How to design a efficient algorithm for hex game using min max algorithm since its branching factor is too high. Normal tic tac toe game be made using simple min max algorithm but in this case for a 11*11 board game we have 121 combinations so for this how to reduce number of combinations what is the approach minmize this much combination


Solution

  • The tree of movements for a game can only be explore fully for simple stuff like tic-tac-toe. Other games, like chess, will be too deep and have too many options at every movement (large branching factor).

    There are measures to combat this limitation, at the very general level of your question.

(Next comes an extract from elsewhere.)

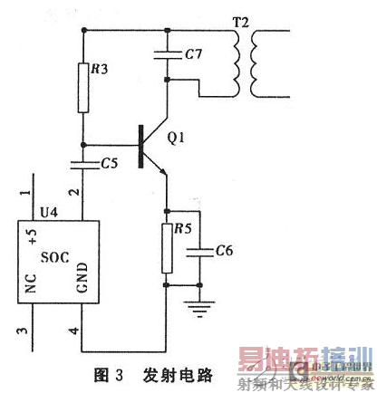 如图,主振电路采用2 MHz有源晶振作为振荡器。有源晶振输出的方波,经过二阶低通滤波器滤除高次谐波,得到稳定的正弦波输出,经三极管13003及其外围电路组成的丙类放大 电路后输出至线圈与电容组成的并联谐振回路辐射出去.为接收部分提供能量。测得与电容组成的并联谐振回路的空芯耦合线圈的线径为O.5 mm,直径为7 cm,电感为47 uH,载波频率为2 MHz。根据并联谐振公式得匹配电容C约为140 pF。因而.发射部分采用2MHz有源晶振产生与谐振频率接近的能源载波频率。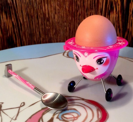 Le coquetier Cocotte "Coeur" de chez Pylônes sur roues est conçu en acier inoxydable, plastique ABS et en plastique HIPS.

    Most importantly, you need a heuristic to assign a value to intermediate game positions. This enables you to apply minimax even if the analysis of all movements up to game endings is not possible. These heuristics may be quite simple. For example, in chess you may give pieces a value (pawn 1, knight 3, and so on) and simply add up. You may make it a bit more complex considering the position on the board and so on, but there will be a compromise with performance here. This is the basis of many AI systems.

    A classic improvement is called alpha-beta pruning. This is based on evaluating the nodes of the tree of movements in an orderly way, so that branches that are already guaranteed to be worse than others can be omitted, improving efficiency. (Consider, for example, a branch where one player can force a winning movement: alternatives to this movement within this branch are not important, since this player will always force the winning movement if the game goes this way).

    Other algorithms change the way we explore the tree of movements. Monte-Carlo tree search is an example of this. The core idea here is to evaluate nodes and explore the tree in a coordinated way (as opposed to before, where we first explore the tree as deep as possible and we then evaluate the leafs). Here we have an exploration-exploitation equilibrium (you have to decide if you want to develop more promising positions, or if you want to favour exploring new, possibly disappointing movements).